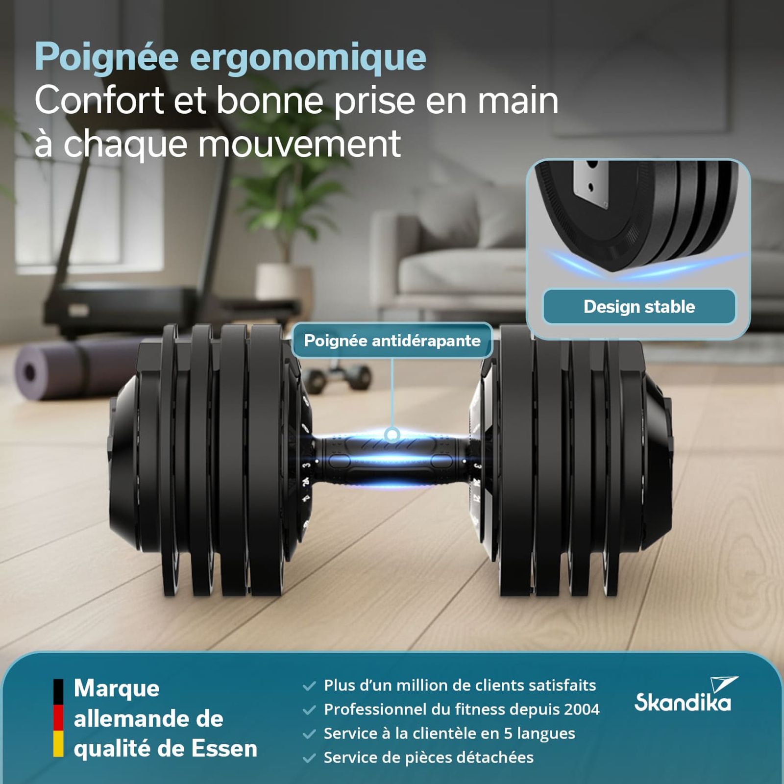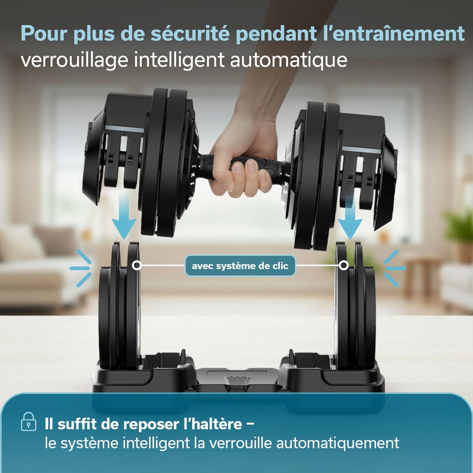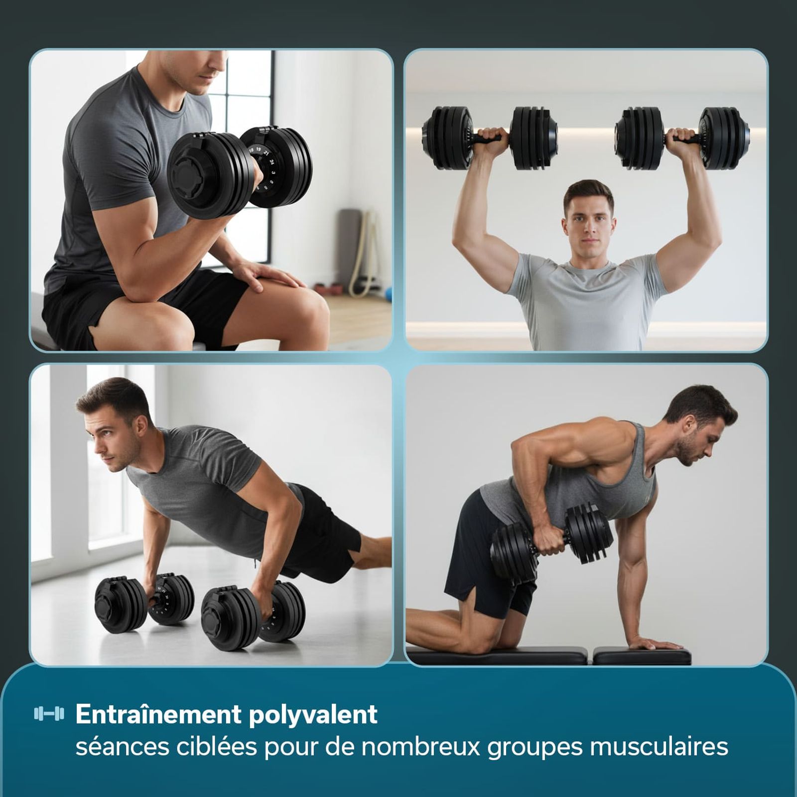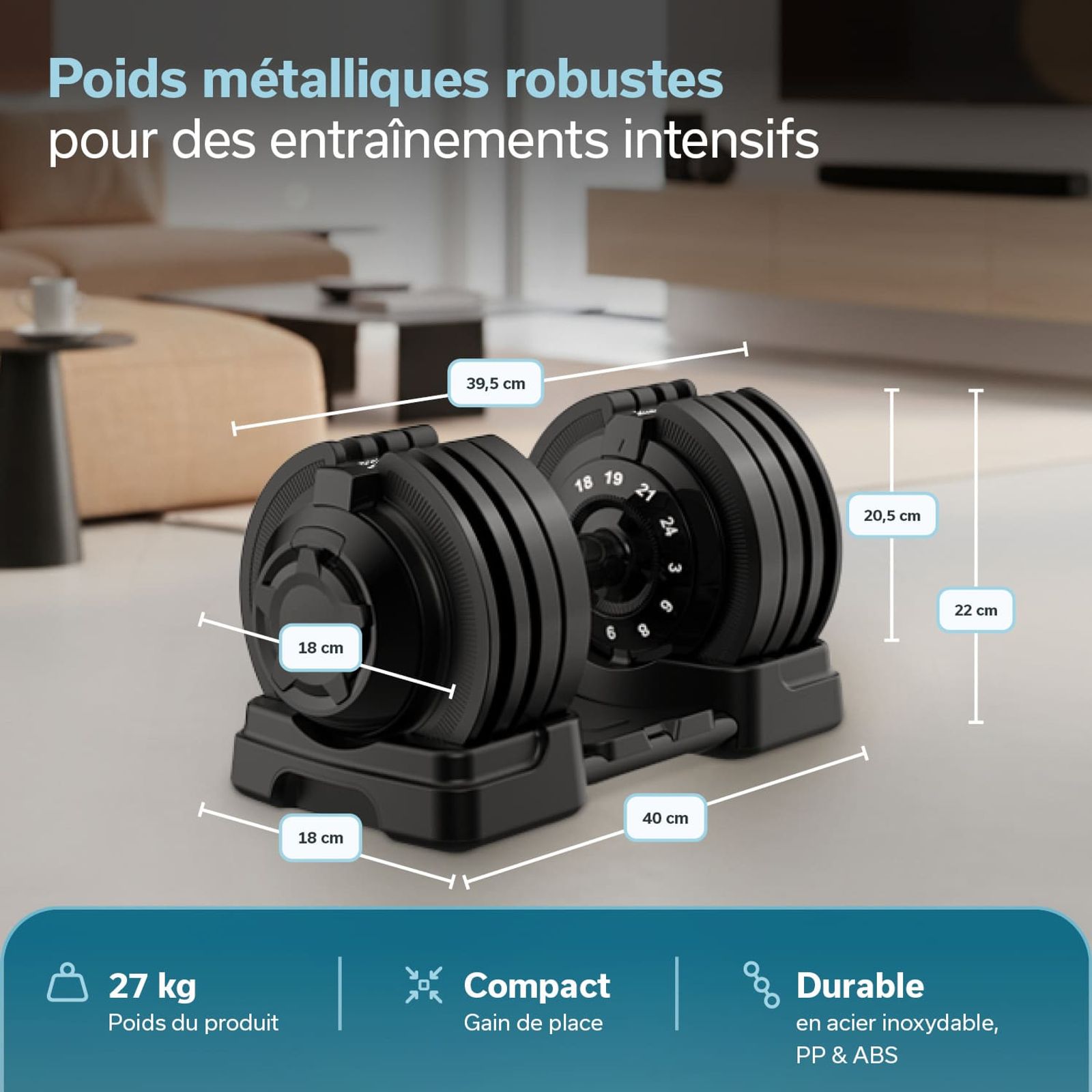 • Haltère réglable avec 12 niveaux de poids de 3 kg à 24 kg pour un entraînement musculaire progressif
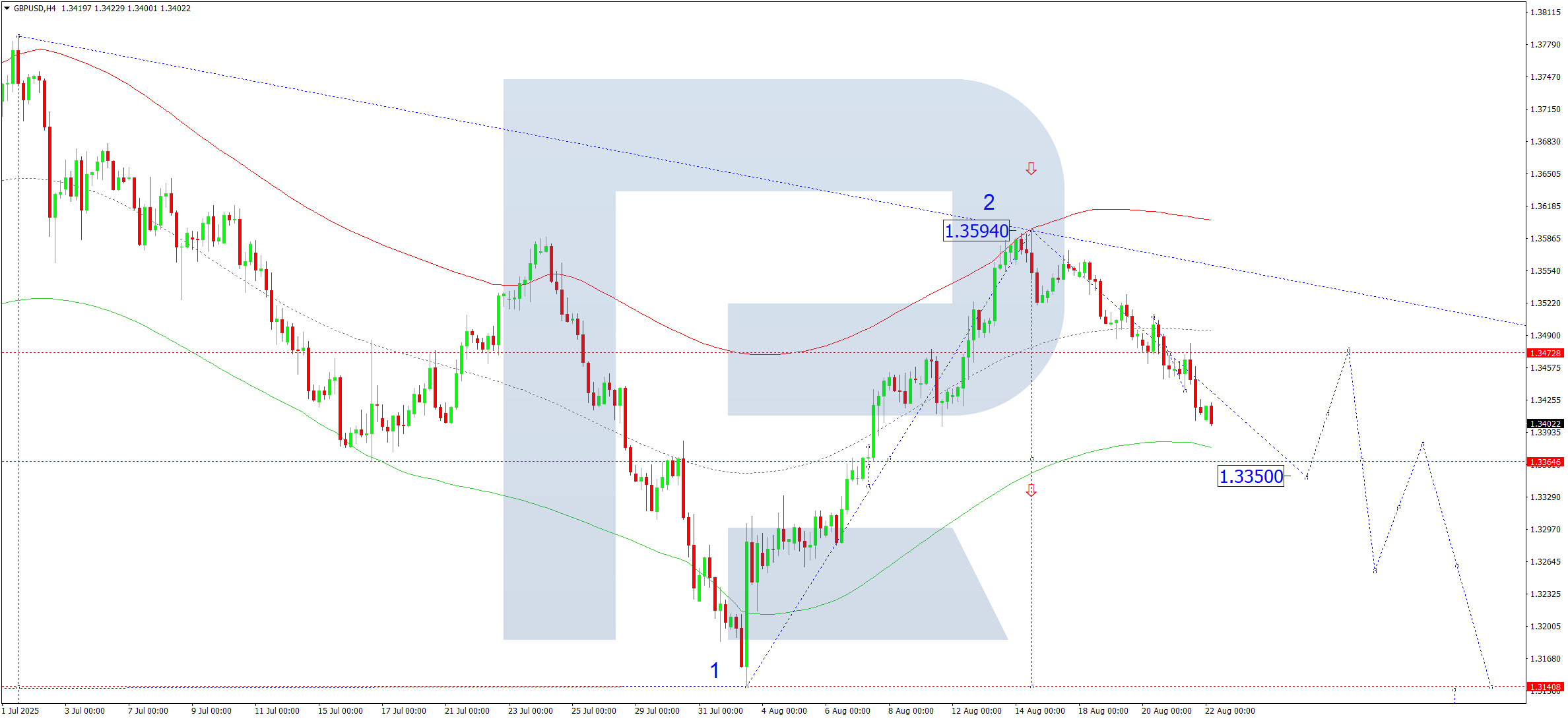 Los indicadores técnicos para la previsión de GBPUSD de hoy sugieren una onda descendente continua hacia 1.3350.
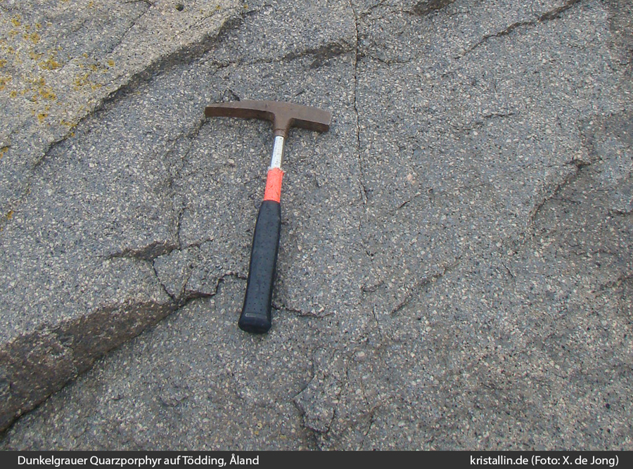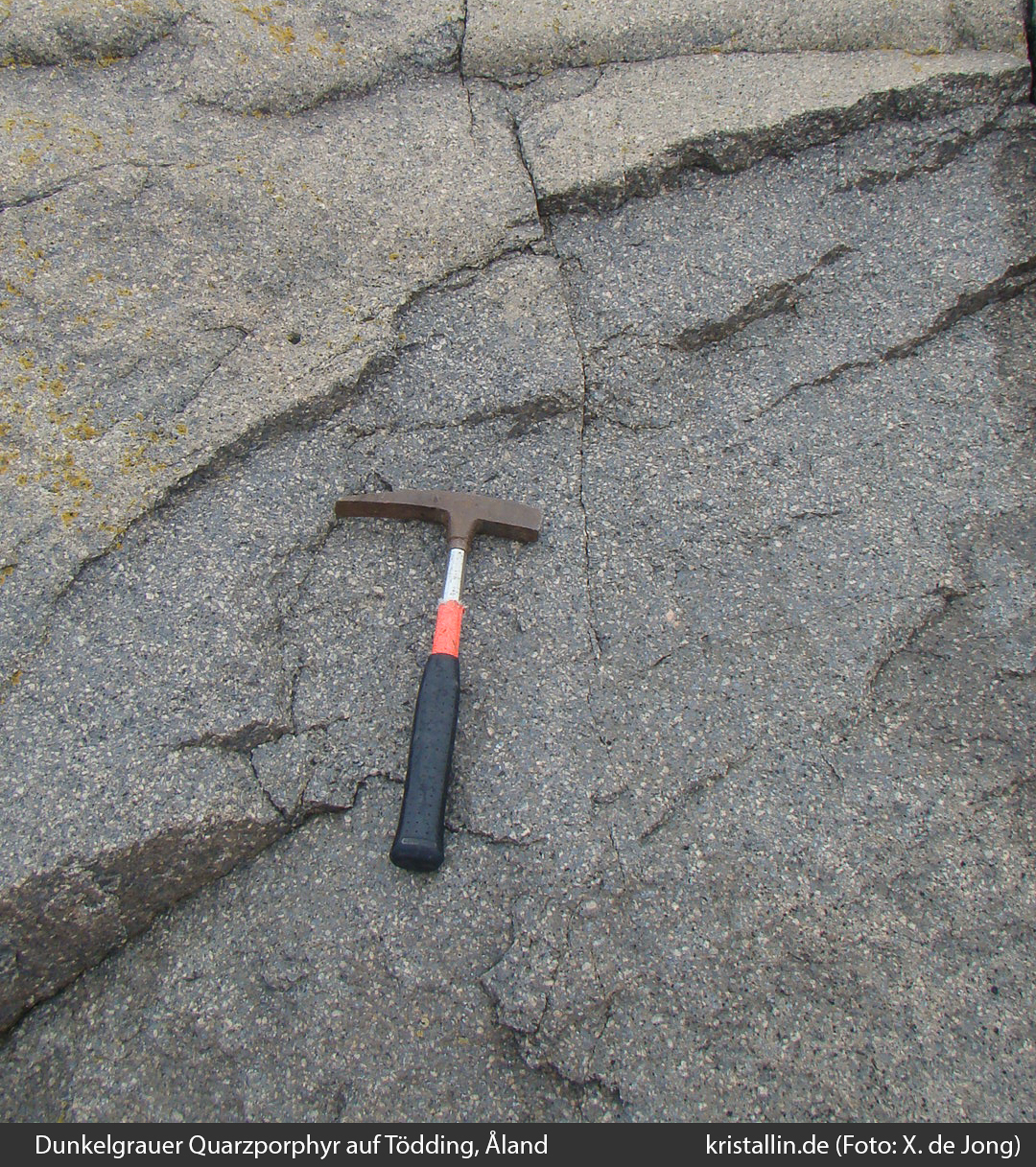 (26/99) Ein Stück weiter sieht der Quarzporphyr komplett anders aus. Nahaufnahmen dieses grauen Porphyrs finden Sie in der Beschreibung der Quarzporphyre.

_ _ _ _ _

Return the whole listing word for word. Pictures stay out of it.

● **Output of the exercise**:
 • Haltère réglable avec 12 niveaux de poids de 3 kg à 24 kg pour un entraînement musculaire progressif
 Los indicadores técnicos para la previsión de GBPUSD de hoy sugieren una onda descendente continua hacia 1.3350.
 (26/99) Ein Stück weiter sieht der Quarzporphyr komplett anders aus. Nahaufnahmen dieses grauen Porphyrs finden Sie in der Beschreibung der Quarzporphyre.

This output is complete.